Where the Jobs Are: Healthcare

In 2000, there were 7 million more workers in manufacturing than in health care. At the beginning of the Great Recession, there were 2.4 million more workers in retail than health care. In 2017, health care surpassed both.  The healthcare industry is now the largest U.S. employer. Much of the growth is not in roles that provide patient care – administrative jobs are growing at the fastest pace.

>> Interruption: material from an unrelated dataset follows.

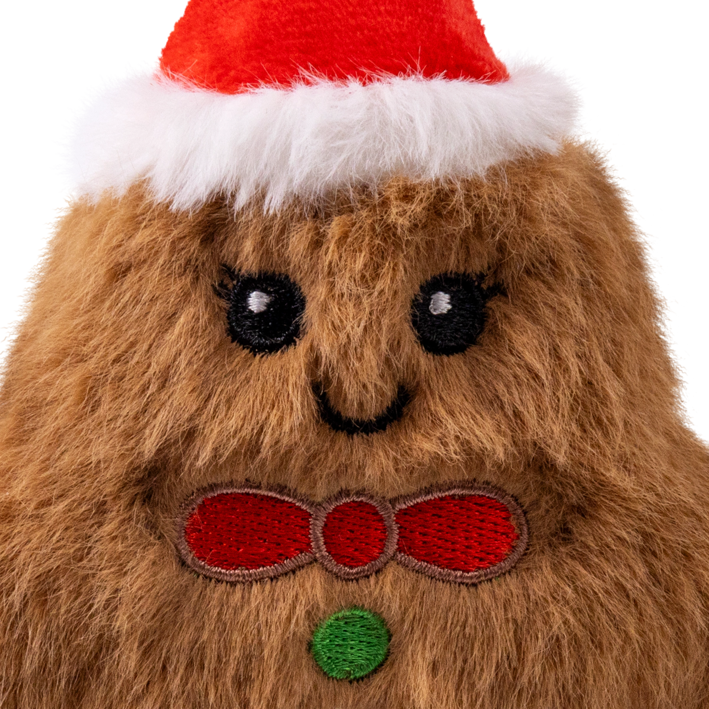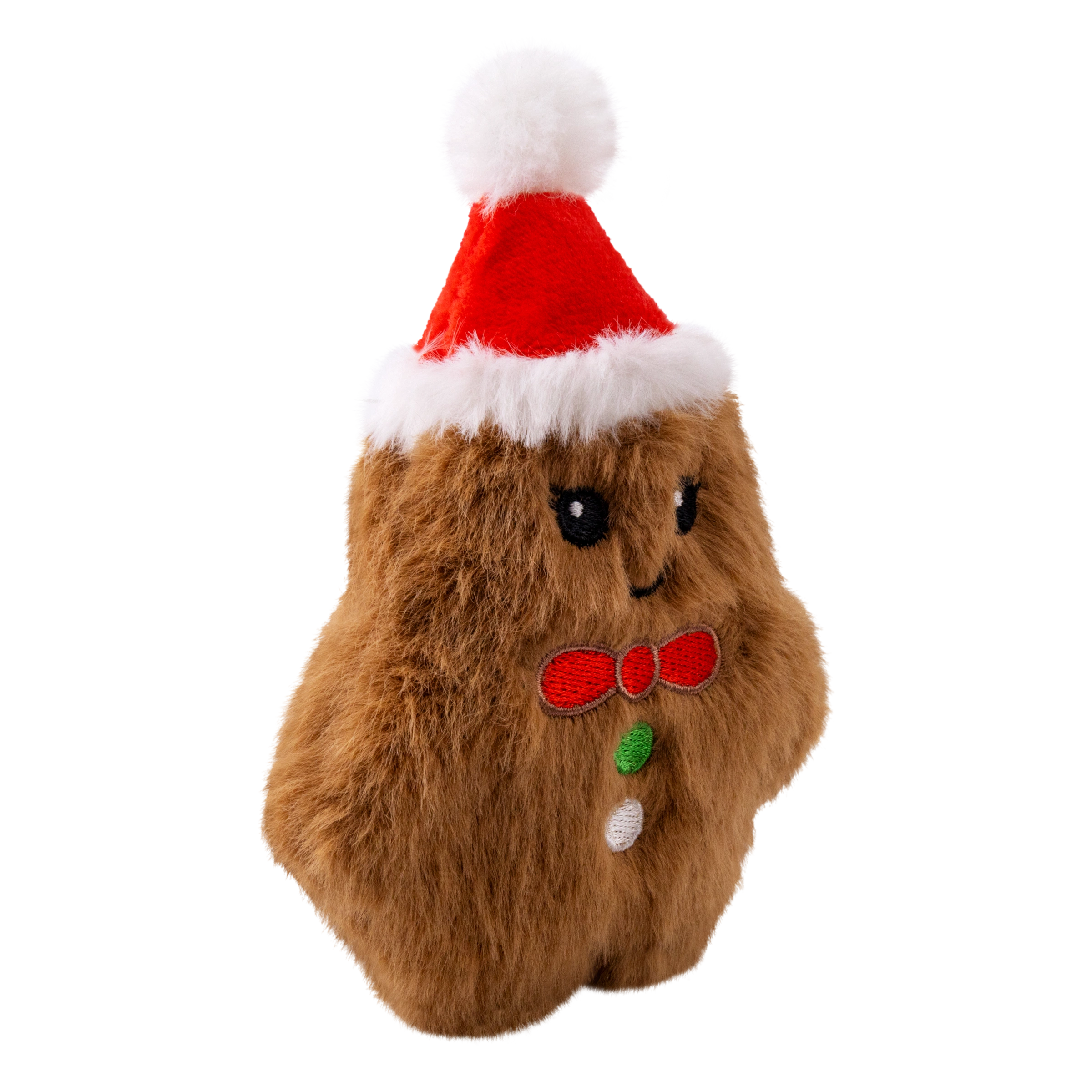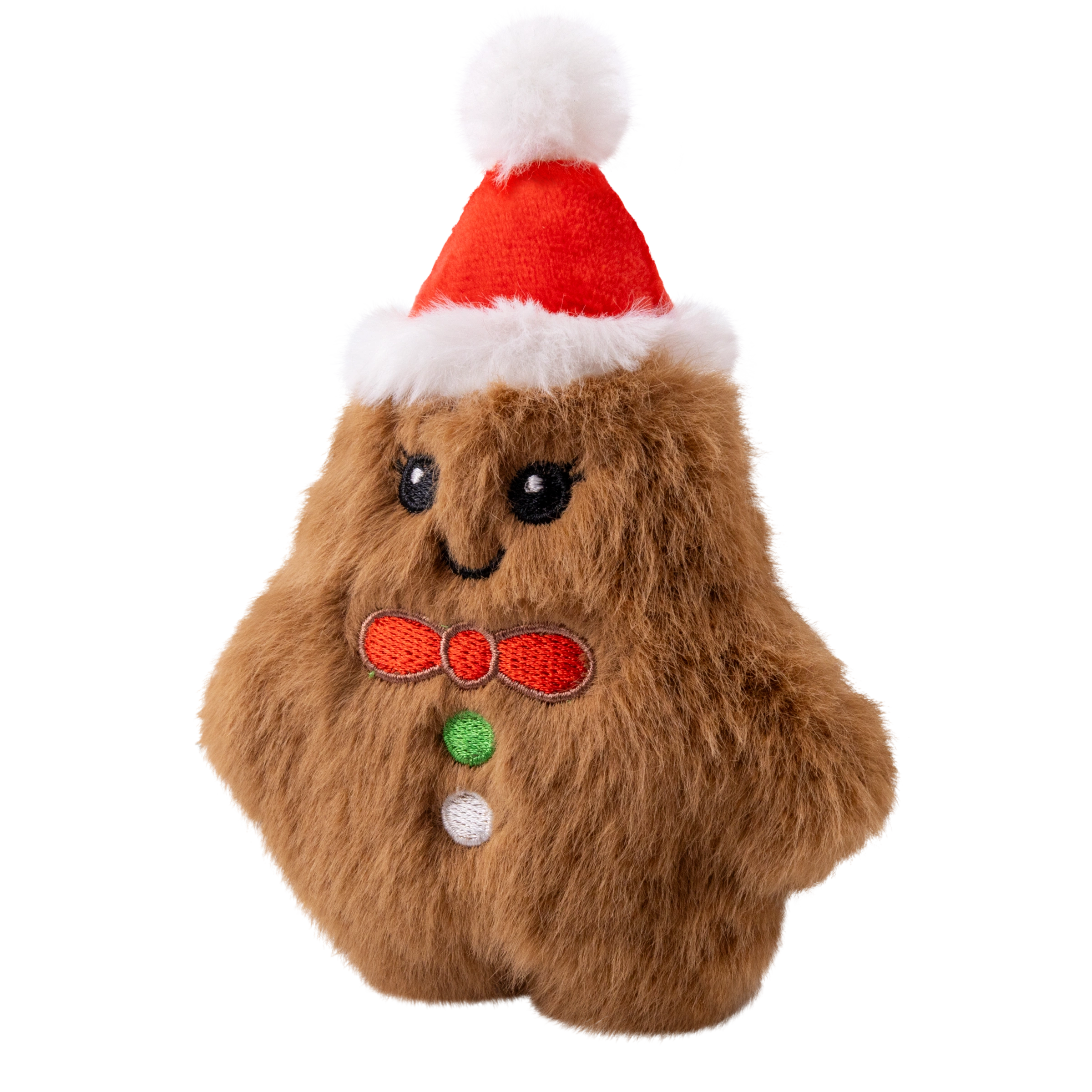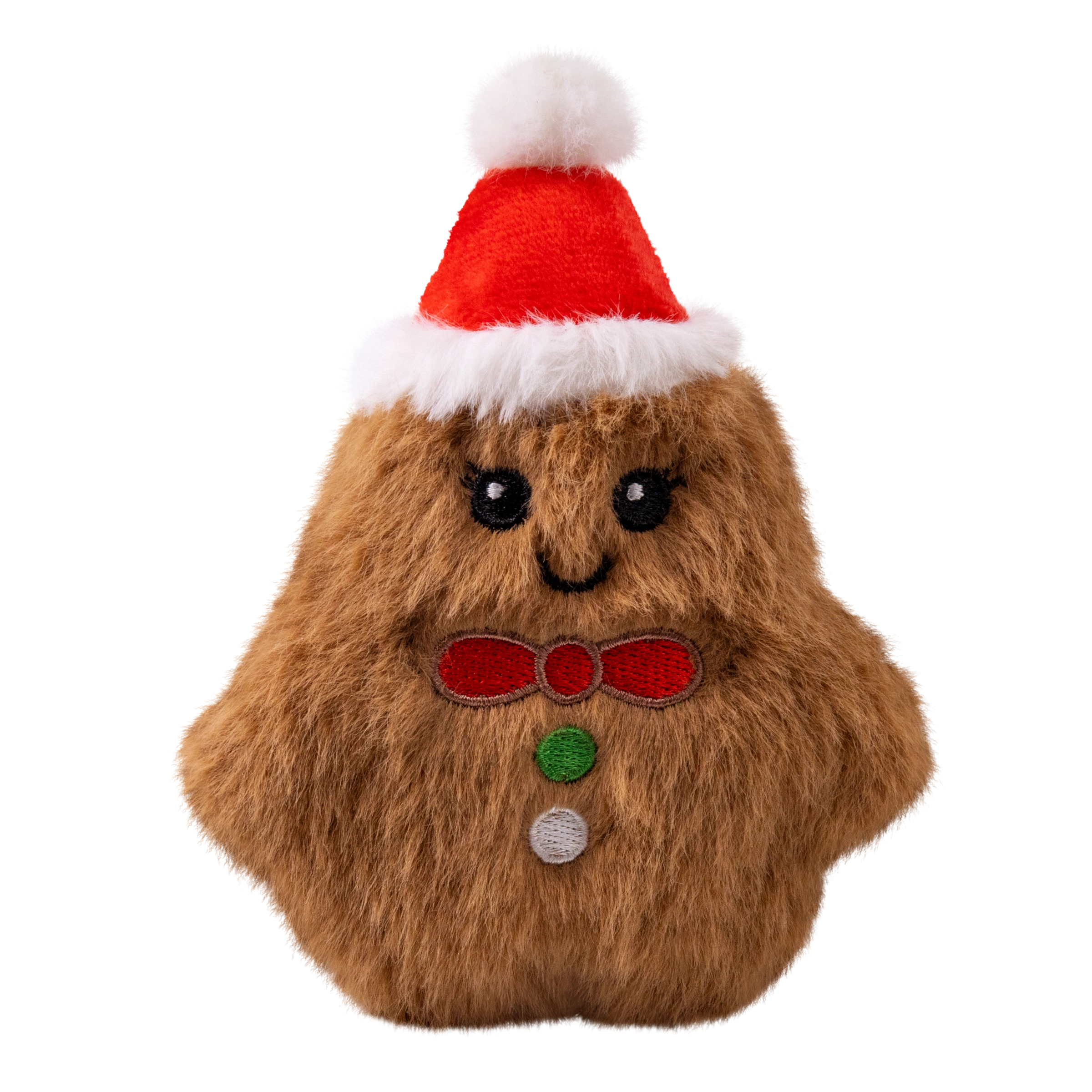 KONG Snuzzles Mini Gingerbread is perfect for little dogs who love big noises! This tiny & plump toy cookie is perfect for squeaking, carrying, and snuggling during the holidays. The full-body squeaker creates a dense mouthfeel that entices chewing, gumming, and squishing. The flat shape and velvety plush exterior makes this mini character easy to grab & perfect for indoor play.

Let’s look at the numbers generated by CareerBuilder, growth is represented by number of new jobs since 2007:


No. 1 — Home health aides: 46 percent growth (296,952 more jobs)

No. 2 — Physical therapist assistants: 34 percent growth (22,275 more jobs)

No. 3 — Nurse practitioners: 32 percent growth (38,563 more jobs)

No. 4 — Health technologists and technicians, all other: 30 percent growth (30,583 more jobs)

No. 5 — Genetic counselors: 31 percent growth (709 more jobs)

No. 6 — Hearing aid specialists: 28 percent growth (1,582 more jobs)

No. 7 (tie) — Mental health counselors: 27 percent growth (34,996 more jobs)

No. 7 (tie) — Physical therapists: 27 percent growth (49,202 more jobs)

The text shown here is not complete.